I saw that MLIR technology is already driving a new programming language called MOJO with the ability to be very fast, make difficult-to-do optimizations and give instructions to many types of hardware such as CPU, GPU, TPU, etc.
Does Julia have plans to use MLIR technology in the future as an intermediate level IR or something similar?
Generating MLIR from julia was experimented on with a project called brutus GitHub - JuliaLabs/brutus, it was early days of MLIR so performance wasn’t really good. Currently I don’t see any plans of switching julia from it’s LLVM IR backend to a MLIR one, but one could use it do specialized codegen, maybe through GitHub - JuliaLabs/MLIR.jl. But it’s all in an early stage.
ability to be very fast, make difficult-to-do optimizations and give instructions to many types of hardware such as CPU, GPU, TPU, etc.
I don’t think it should ever become a priority to switch to MLIR, since you could say mostly the same for for Julia (runs on TPU, GPU and is very fast on CPU)!
It would be a huge project, with lots of problems and not that many improvements above the current state of Julia.
What @gbaraldi linked will be a much more likely integration if someone sees worth in it.
I think MLIR is cool, but Julia has been getting similar features via other means so far (e.g. GPUCompiler.jl, LoopVectorization.jl, and all the automatic differentiation packages).

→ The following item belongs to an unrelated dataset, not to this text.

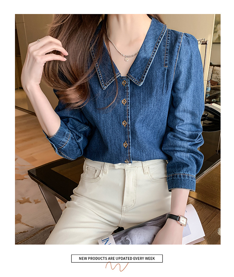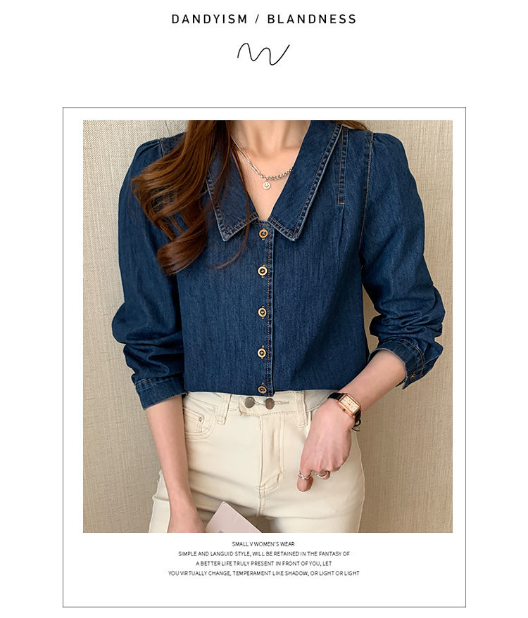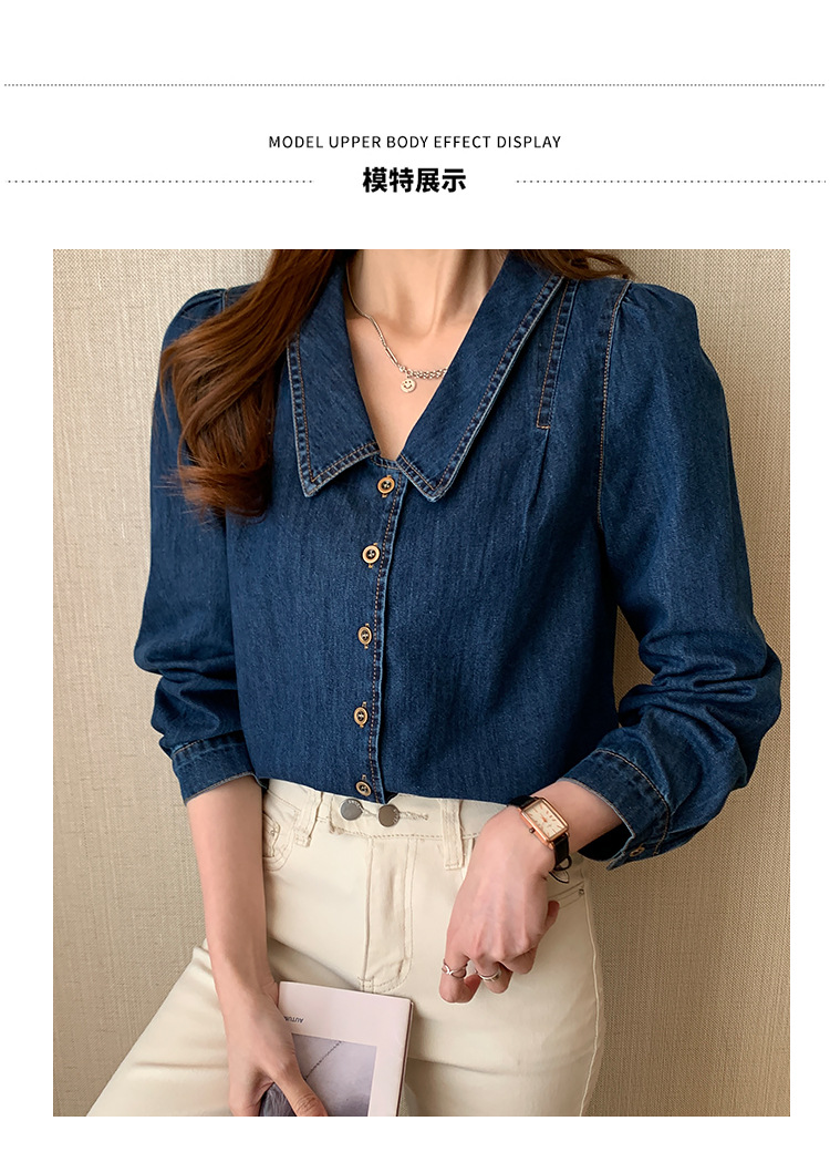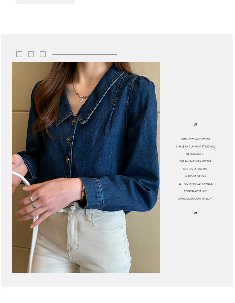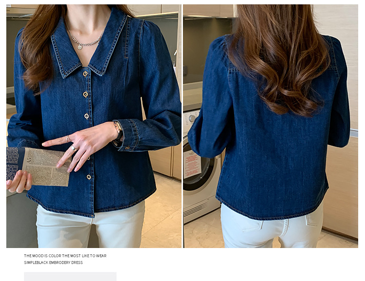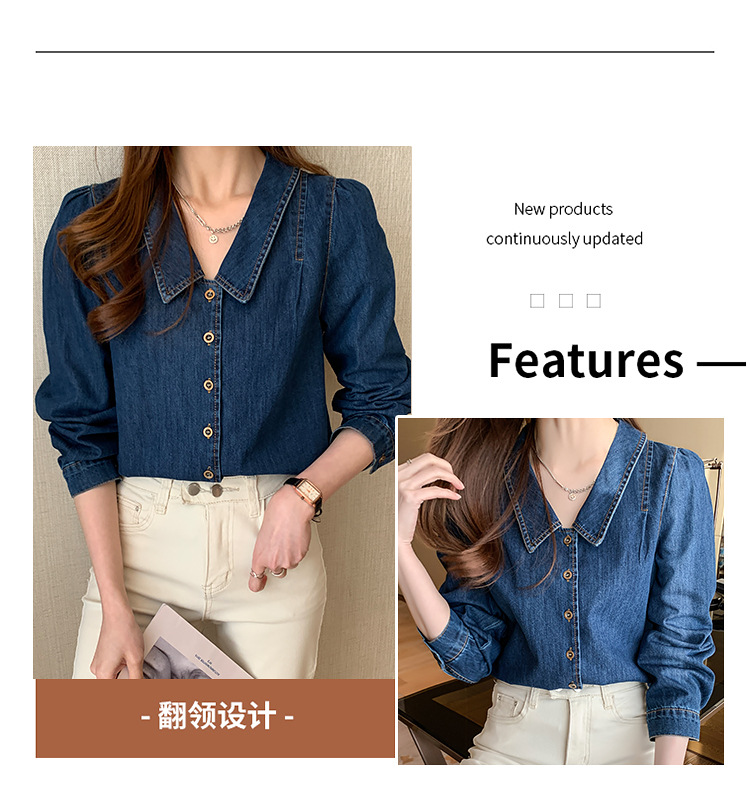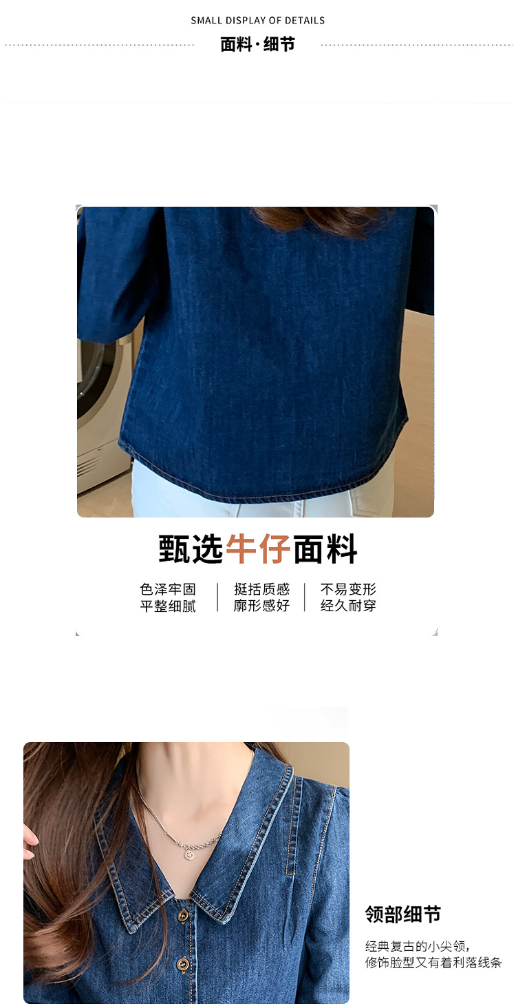 리얼 샷 클래식 복고풍 틈새 데님 셔츠 여성의 디자인 감각 2022 봄과 가을 뾰족한 칼라 긴 소매 느슨한 짧은 셔츠스토어 가기

To add onto this, it’s worth pointing out that MLIR and Mojo are not magic. The “ML” in MLIR stands for “multi-level”; think Inception for LLVM rather than Machine Learning. In fact, LLVM IR is a MLIR “dialect”. Most Mojo code running on CPU (and likely a lot running on GPU) is “lowered” from a higher-level dialect into LLVM IR, while all Julia code is lowered from a higher-level IR which is not a MLIR dialect into LLVM IR.
This should offer some insight into why just making Julia use MLIR instead of LLVM IR directly wouldn’t change much. Does that mean there’s no benefit to using MLIR? No. You could imagine how a library like Coil.jl could benefit if Julia IR was a MLIR dialect. Other non-LLVM MLIR dialects help Mojo achieve functionality like auto-vectorization at the language level, while the Julia ecosystem has to deal with issues like Why is LoopVectorization deprecated? because trying to integrate with the compiler is far more fragile.
Lastly, I should point out that neither Mojo nor the Julia ecosystem support TPUs right now. There have been attempts to get Julia code running on TPUs, but see above about fragile compiler integration. Additionally, TPUs speak a very limited set of high-level array operations and nothing else. Given most Julia and Mojo code is being written at a significantly lower level and using constructs (e.g. complex loops, lazy conditionals with side effects) that are not supported in the XLA IR TPUs use, it’s unlikely either will get great language-level support any time soon. The best path is likely via some high-level DSL, which is basically what JAX is for Python.
Is it possible to mix Julia SSA with other MLIR dialects? If not, would it be possible to adapt Julia SSA to become an MLIR dialect and mix it with other MLIR dialects?
At last year’s FOSDEM there was a presentation on how to build your own MLIR dialect.
Hi Xiaoxi, Julia is lowered to LLVM IR (see code_llvm in julia doc) which exists as a ML IR dialect (https://mlir.llvm.org/docs/Dialects/LLVM/) so it’s inevitably compatible with other MLIR dialects.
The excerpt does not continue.